Why should Frost think they turned to their affairs? “Since” gives the most blatant explanation available, and “turned” is morally facile. The parents may have turned their faces to the wall and lived out their lives in despair. “Give us immedicable woes,” Frost said, “woes that nothing can be done for.”1 Speak for yourself, I say.
Two or three weeks later, I sent Thompson the essay on Frost. In reply, he wrote me a long letter—which I’m sorry I’ve lost—in which he said that my sense of Frost was accurate but that I didn’t know just how accurate it was. Frost, he said, was a monster, a man of systematic cruelty.

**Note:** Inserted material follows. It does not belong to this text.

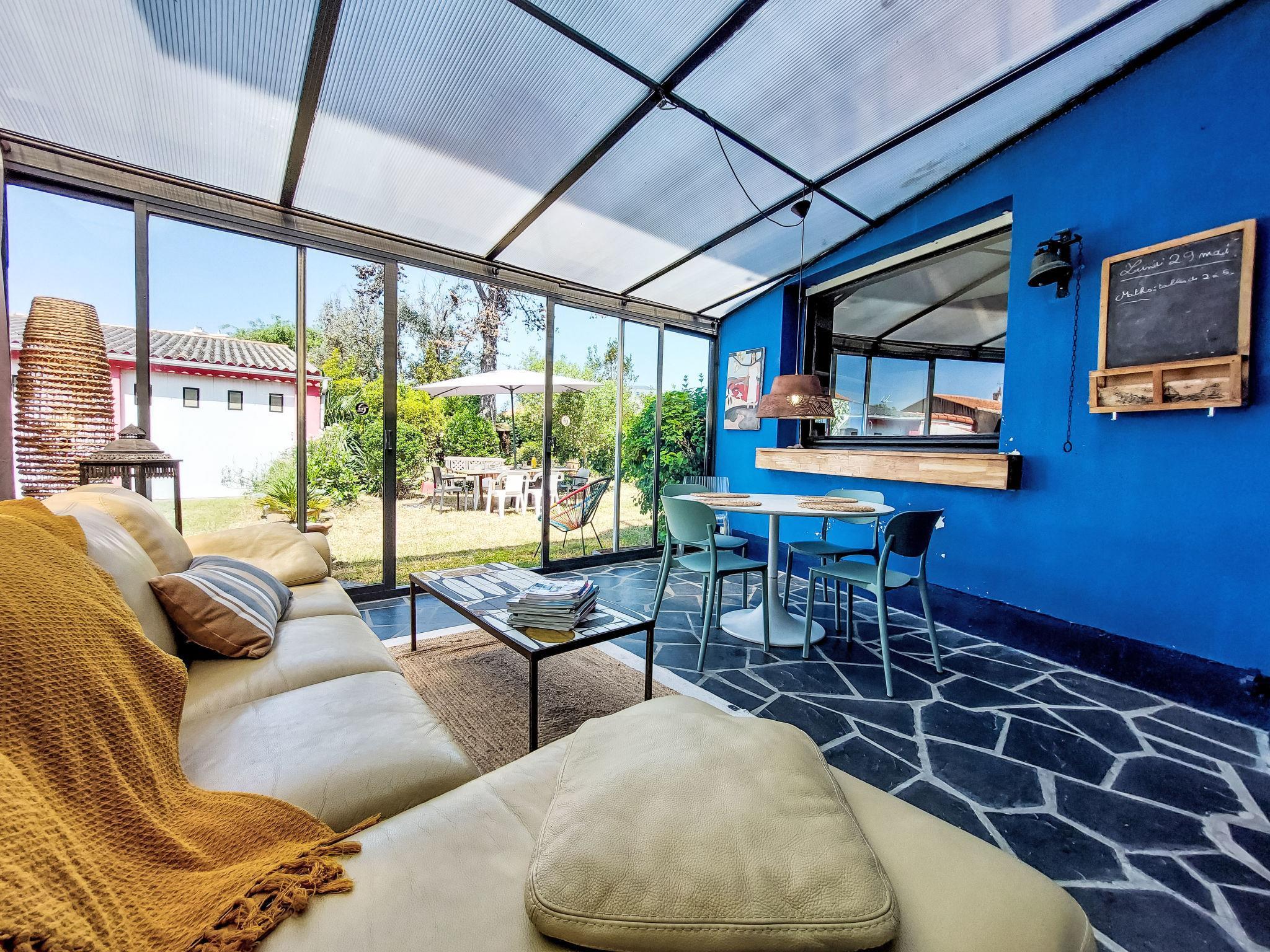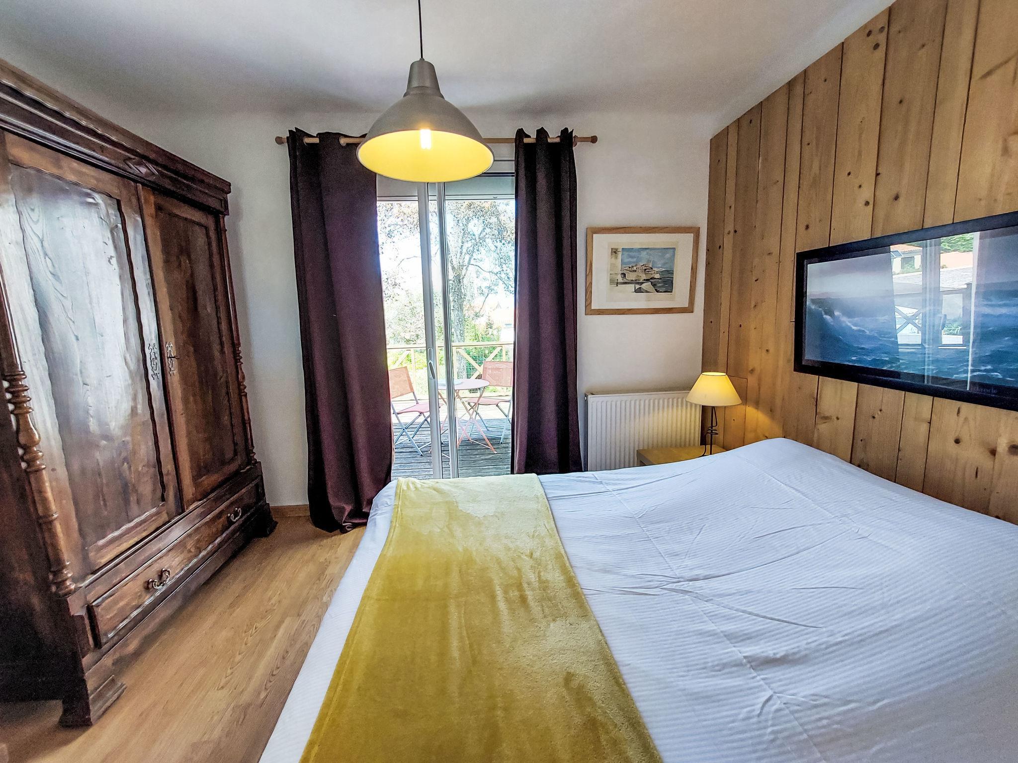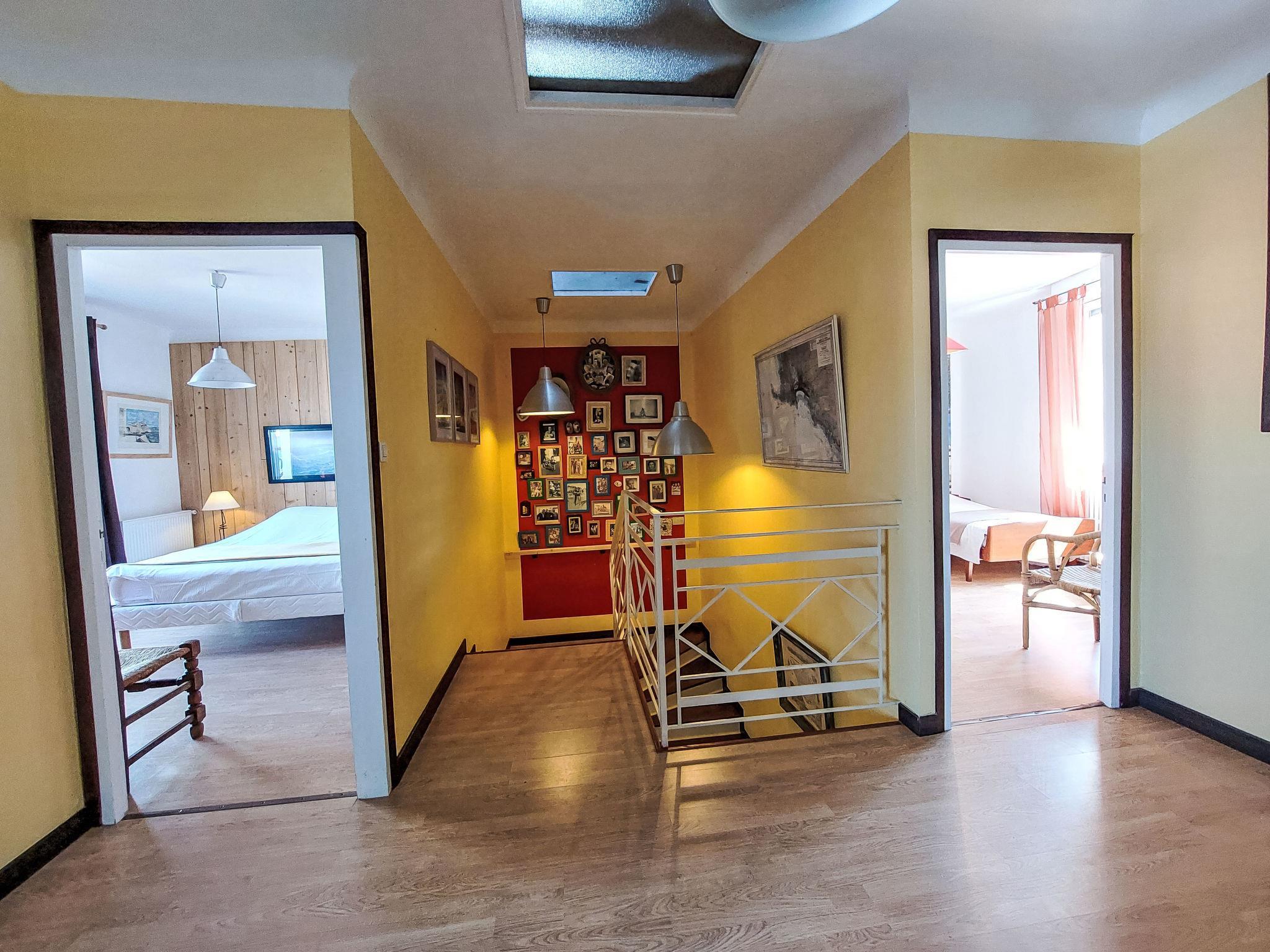 5-room terraced house 145 m2. Very beautiful furnishings: large entrance hall. Exit to the veranda. Large living/dining room 45 m2 with open-hearth fireplace (only for decoration), TV (flat screen). Exit to the veranda. Open kitchen (oven, dishwasher, 4 gas rings, toaster, kettle, microwave, electric coffee machine) with dining table. Exit to the garden. Sep. WC. Upper floor: 1 large room with 1 french bed (160 cm, length 200 cm), hand-basin and shower. Exit to the balcony. 1 room with 1 french bed (160 cm, length 200 cm). Exit to the terrace. 1 large room with 2 beds (90 cm, length 190 cm), hand-basin and shower. 1 room with 1 french bed (160 cm, length 200 cm). Bath/WC, double hand-basin. Gas heating. Large terrace 16 m2. Terrace furniture, barbecue, deck chairs. Facilities: washing machine, children's high chair, baby cot. Internet (WiFi). Please note: non-smoking house. Maximum 1 pet/ dog allowed. Smoke alarm. Offer by a private individual according to Art. 155, IV of CGI. 85194001391EE

His indifference to other people was at least partly to blame for the insanity of his sister Jeanie, the sadness of his wife, Elinor, the mental illnesses of his daughters Irma and Marjorie, and the suicide of his son Carol. Social Darwinism was indeed an ugly prejudice, regularly called upon to justify mistreating poor people—if they haven’t survived, it proves they didn’t deserve to survive—and Frost’s version of it was so habitual as to be instinctive: he had probably inherited it, Thompson said, from his father, a drunken, violent lout.
That was the gist of Thompson’s letter, so far as I can recall it. His edition of Selected Letters of Robert Frost came out in 1964, followed by Robert Frost: The Early Years, 1874-1915 in 1966 and Robert Frost: The Years of Triumph, 1915-1938 in 1970. In those books, Thompson makes the same charge against Frost: that he was an appalling man, petty, vindictive, a dreadful husband and parent. Very little of the third volume of the biography, Robert Frost: The Later Years, 1938-1963 (1976), is Thompson’s work, so there is no need to put it in evidence: he died after a long illness on April 15, 1973, and the book was mostly written by a former graduate student of his, R.H. Winnick. But the books and essays for which Thompson is solely responsible make a sustained attack on the man he once revered. Jay Parini’s biography presents an almost entirely different account of Frost.
As Parini notes, there are three phases in biographies of Frost. The first one began in 1927 with Gorham B. Munson’s Robert Frost: A Study in Sensibility and Good Sense and culminated in Sidney Cox’s A Swinger of Birches (1957) and Elizabeth Shepley Sergeant’s Robert Frost: The Trial by Existence (1960). In that phase, Frost is a farmer-poet, a man of classical temper, wise, imperturbable, humorous in a craggy way, a man accessible to the people and therefore universally loved. Thompson’s biography inaugurates the second phase. Jeffrey Meyers’s Robert Frost: A Biography (1996) is an extension of it. In this version, Frost was cruel to his wife and children and combative toward virtually every contemporary writer who had become prominent. He was also a predator: as soon as Elinor died, he took his friend Theodore Morrison’s wife, Kathleen, as his mistress and employed her as his secretary to facilitate the affair. He urged Kathleen to marry him, but she declined, preferring to stay with her husband. But she assured Frost that she was married to Morrison in name only. Meyers claims that she gave sexual favors not only to Frost but to Thompson, Bernard de Voto, and Stafford Dragon, Frost’s hired man on the farm in Vermont.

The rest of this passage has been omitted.